I've spent a large portion of my life feeling like a troll. A stubby legged, wild haired, mushmouth of a troll. In my weaker moments, I still find myself feeling like this from time to time. Never quite good enough. Never quite smart enough. Just waiting to be thrown over one more time for the real prizes in this world. I'm not entirely sure why this is...I was the firstborn child of a couple who'd been told they could never have children. The first of six, for that matter. I was read to, loved and exclaimed over for the first few years of my life. But no matter that--I always felt inside that there was a piece missing, or that I was somehow secretly defective in some way. Once I got old enough to be out in the world, I did whatever I could to make myself invisible. Invisible, or incredibly larger than life and outrageous. One extreme or the other. Either way, you couldn't touch me. I set myself apart from my family, from my peers, from everyone and everything.

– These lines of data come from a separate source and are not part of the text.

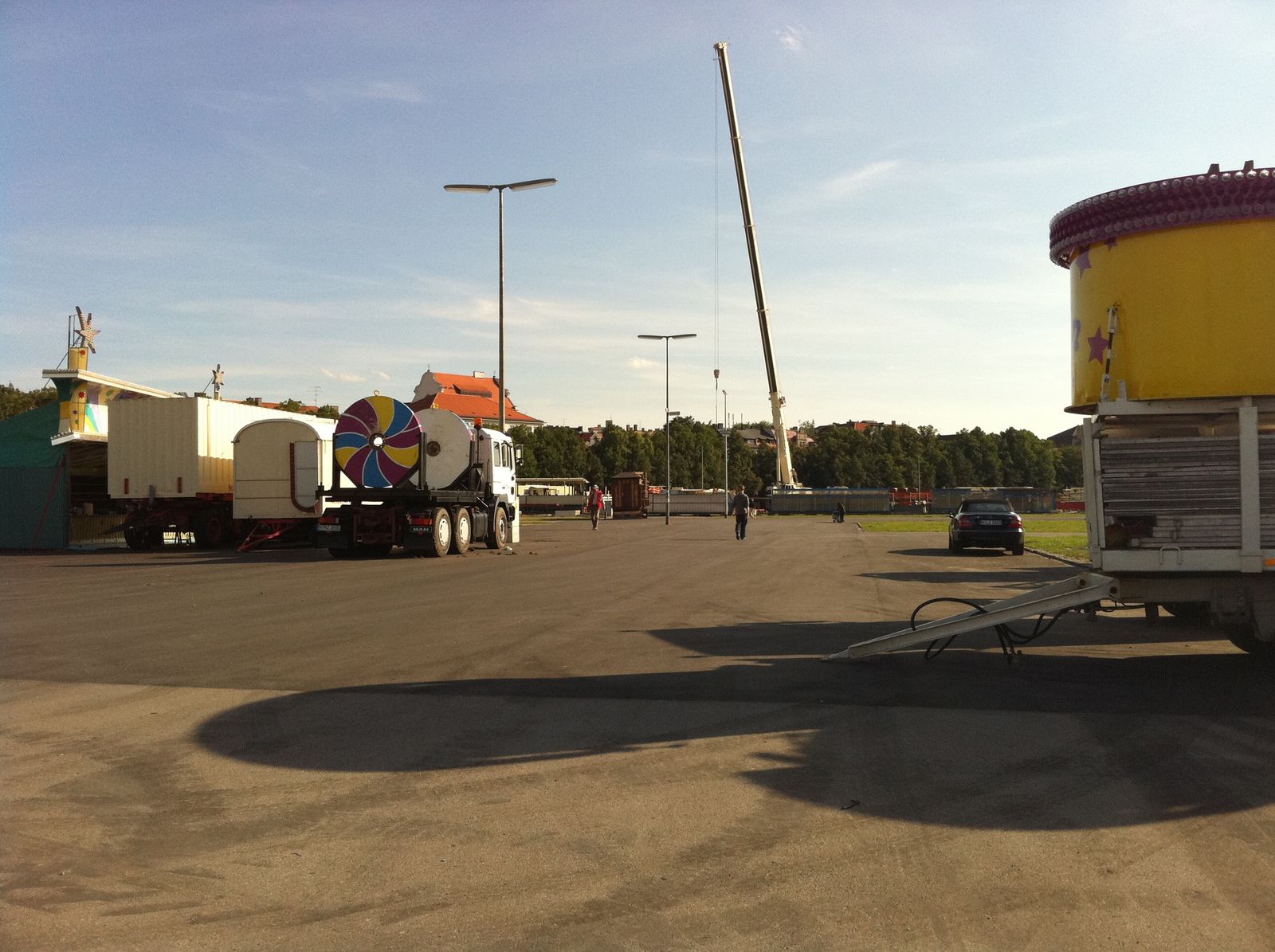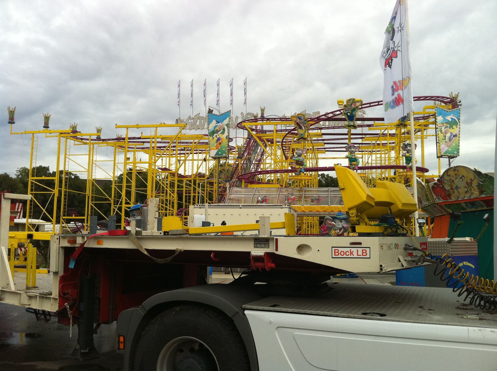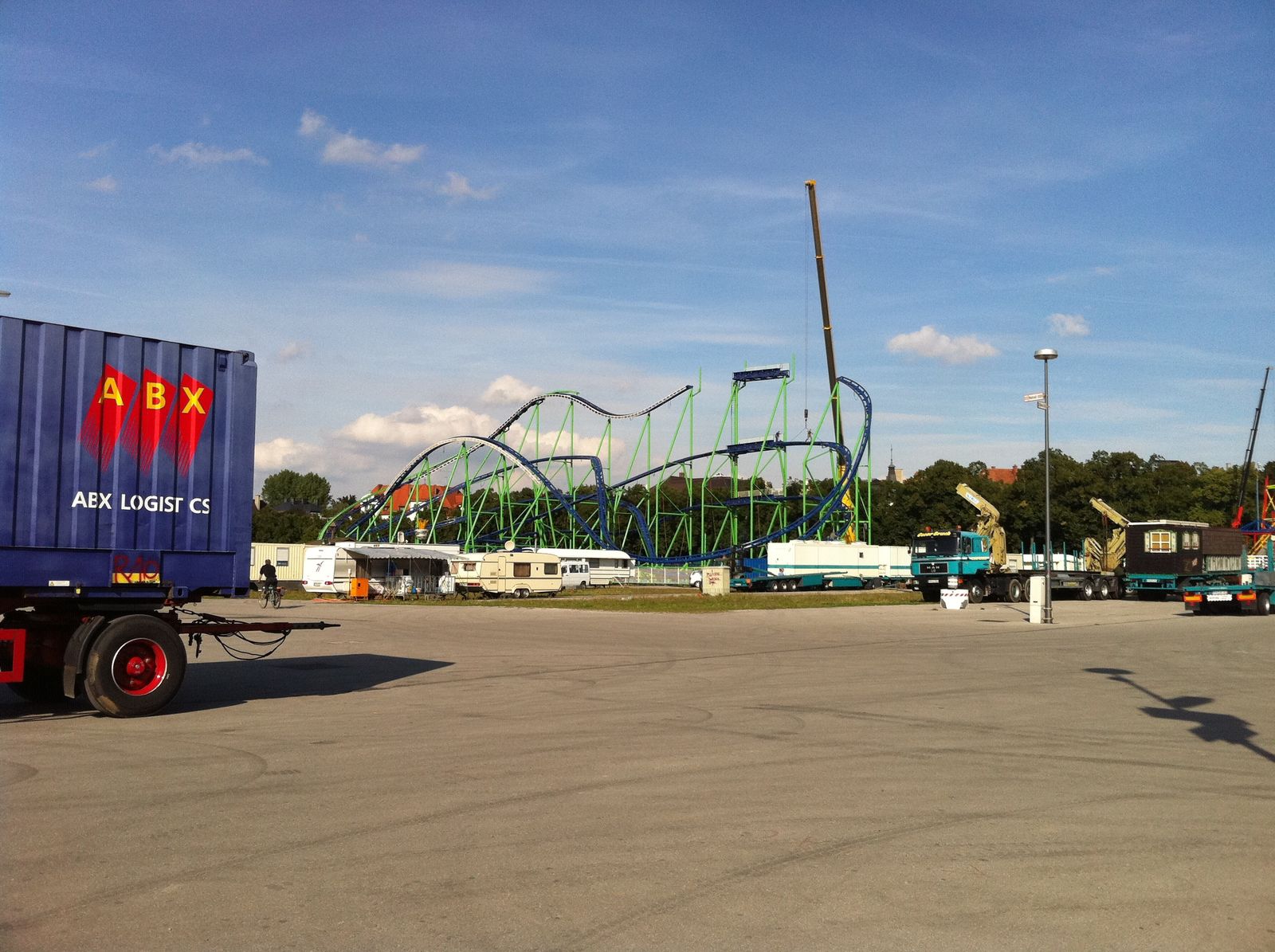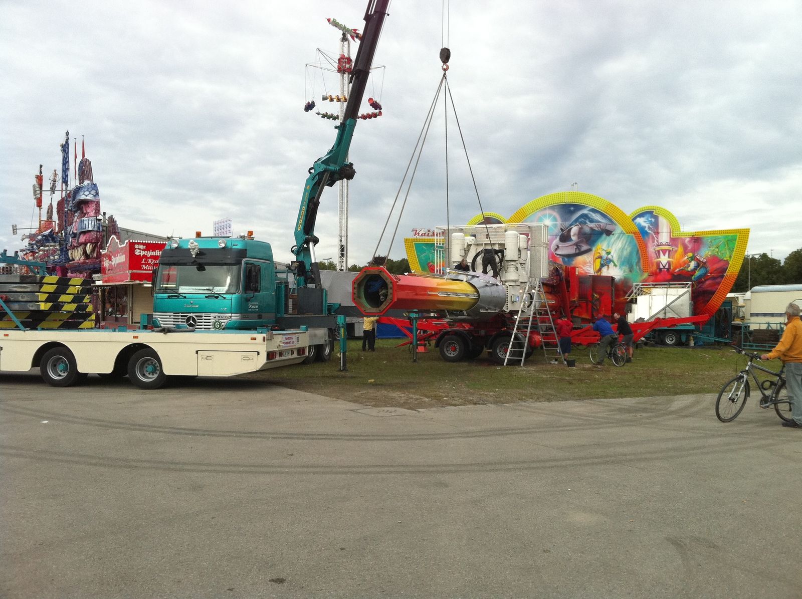 Wow, die wahrscheinlich einzige Kirmes, die mit Turmdrehkränen aufgebaut wird...
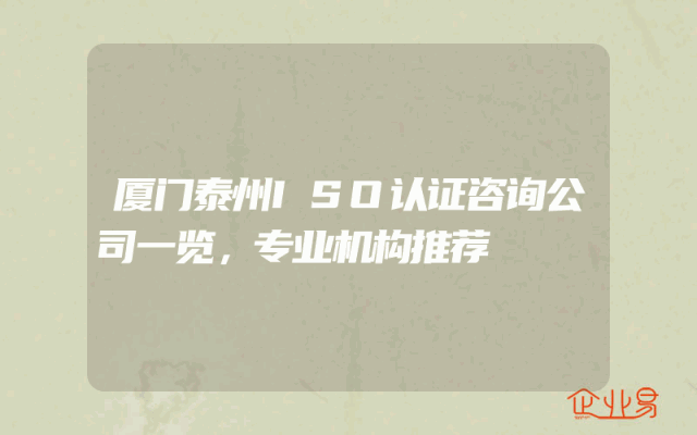 - 厦门泰州ISO认证咨询公司一览,专业机构推荐
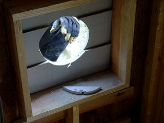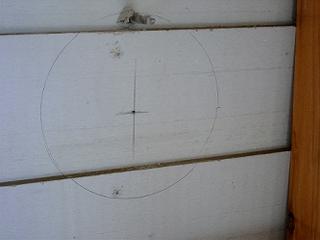 室内側から芯を出してから、屋外側にも円周を書いてドリルでジグゾーの刃を入れる穴を開ける
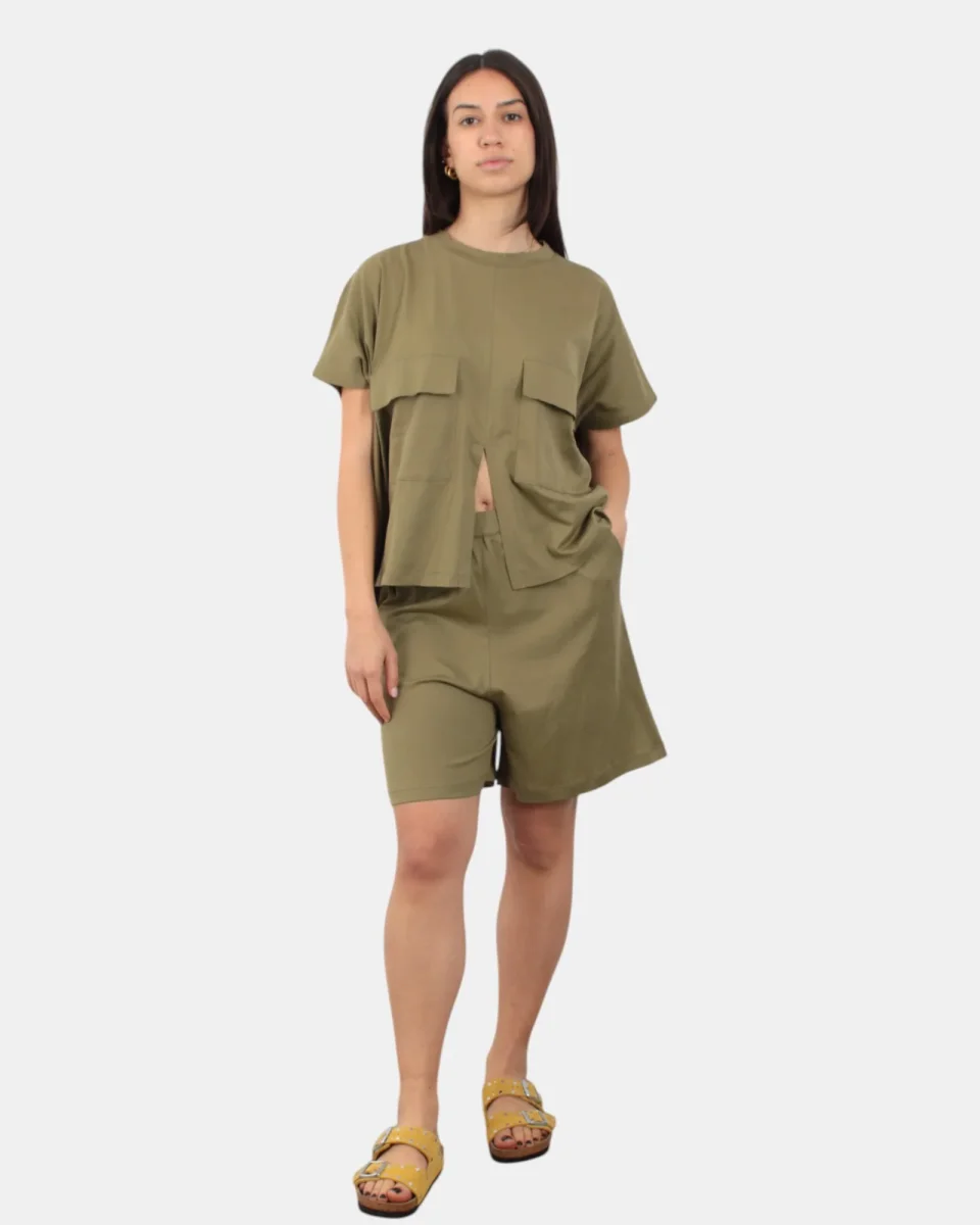 Il bermuda di Jei-O presenta fantasia monocolore, due tasche frontali, elastico in vita, dalla mano fresca dovuta alla sua composizione in 100% cotone. Si consiglia lavaggio a mano. La modella è alta 1,68 m e indossa una S
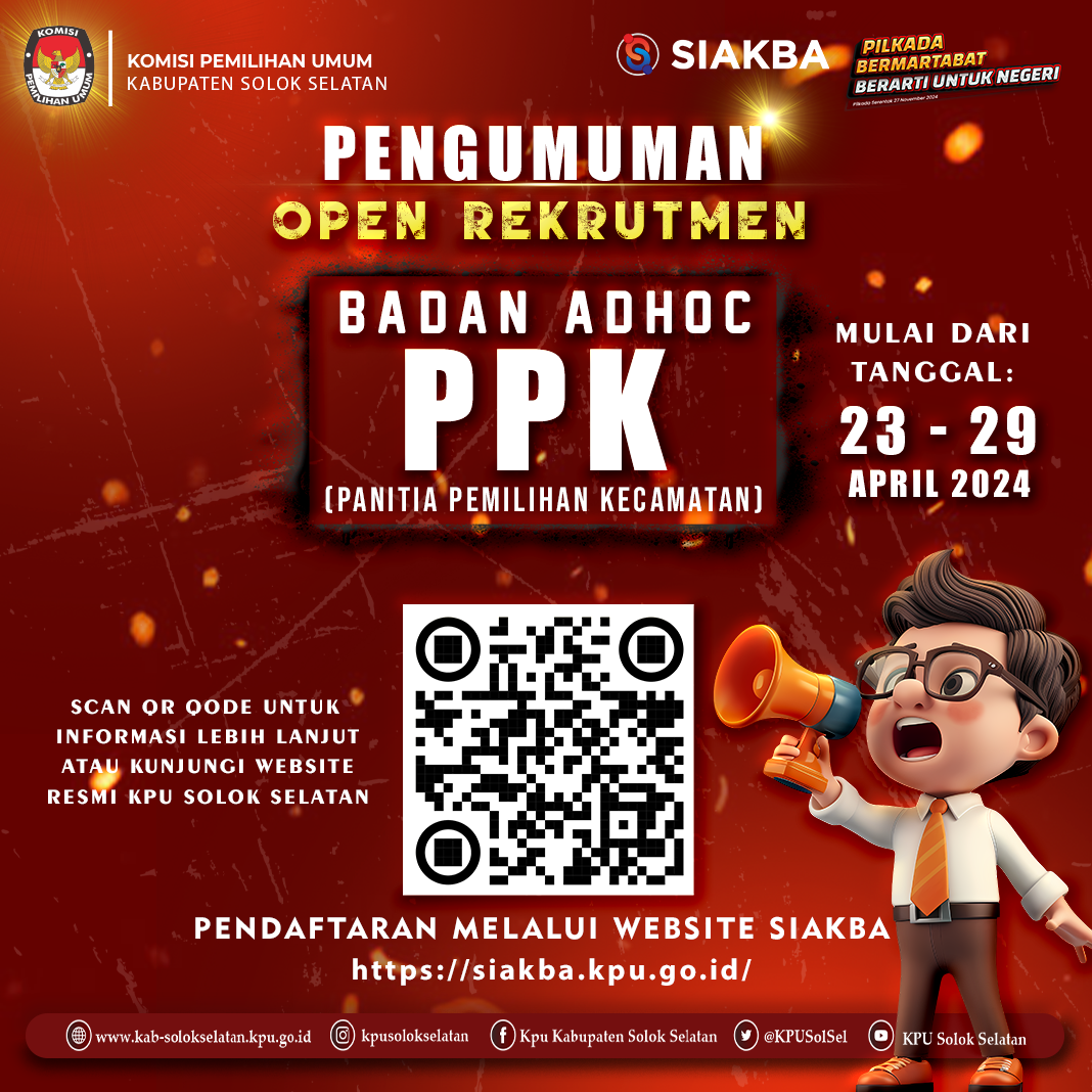 PENGUMUMAN TENTANG SELEKSI CALON ANGGOTA PANITIA PEMILIHAN KECAMATAN (PPK) UNTUK PEMILIHAN GUBERNUR DAN WAKIL GUBERNUR PROVINSI SUMATERA BARAT SERTA BUPATI DAN WAKIL BUPATI SOLOK SELATAN TAHUN 2024.

I certainly set myself apart from God. I would spend years reading everything about every religion or spiritual endeavor I could get my hands on. I had just enough information to be dangerous, as they say. I would ferret out lots of info, and abruptly walk the other direction. I railed against the God of my misunderstanding. I envied people with religious backgrounds, because they seemed to have something I wanted, but thought I could never have. They had a safety net, was what I decided. I used to tell people that I lived my life on the high wire, with no net. And I believed it. I could not imagine a deity that would allow as much suffering as I saw in the world. I couldn't imagine praying like people did, or believing like they seemed to believe. It was a bunch of crap to me. Opiate of the masses. I never once attempted to have a personal relationship with God. Never thought it was possible OR practical for somebody like me. I would look at those other people and then I'd have to make fun of them or tear them down in one way or another. Fear is a curious thing.
After I got sober and started looking for a way to change this miserable existence I lived, I started having to work really hard to find my way back to God. As Rumi says:
Has Known God.
Not the God of names.
Not the God of don'ts.
Not the God who ever does
But the God who only knows four words
And keeps repeating them , saying,
"Come Dance With Me."
And some days I worked very hard. And some days I worked very little. And some days I just sat in my shit and cried. And slowly but surely, I began to feel the hand of God reaching for my hand, and the thing I learned was that all I had to do was reach out a tiny little bit, and there God would be. And I began to read the poetry of people like Mary Oliver and Rumi and Gibran, and I learned a lot about God. I would sit by the ocean and watch the waves crashing and the birds that walk bravely into the surf, knowing they will find food there, no matter how high the waves. And they would scamper out and scamper back in as the tide washed up and I would laugh at the show. And I saw, one day, that I was that bird. That I was that ocean. That the love of God is the dance. And something washed over my soul. And I knew that it didn't matter if I understood the concept of God. It didn't matter what I believed. It didn't matter how I believed. The energy that runs from the rivers of Gods love to the tiny streams of the human soul runs no matter what. It is everywhere. It is vibrant. It is there no matter what I think or see or feel. And I can relax and live in the details, where God lives.
And that I must see the other people on my planet through the filter of God's love as well. And then I can stop expecting them to be anything other than what they are. Because they ARE perfect. Perfectly IMperfect. Deliberate flaws, like the ones woven into the Persian rugs, meant to remind the talented weaver that he is not God. And then I can breathe a sigh of relief, and trust that all is exactly the way it is supposed to be. That I can be a child of God and be the best me I can possibly be, and it will be enough. It will be enough.
I had some experiences this week that have nudged me into some reflection, as you can see. None of them were earthshattering (well, except to me), but the planets have lined up and it must be time for one of those shakeups that we all love so much. A lot of it has centered around my ego, in one way or another. And my heart. And it has caused me some pain, and some tears, and mostly (eventually) some joy. Because I know it is that hand of God reaching out for me one more time.
Reaching for me, saying, Come. Dance.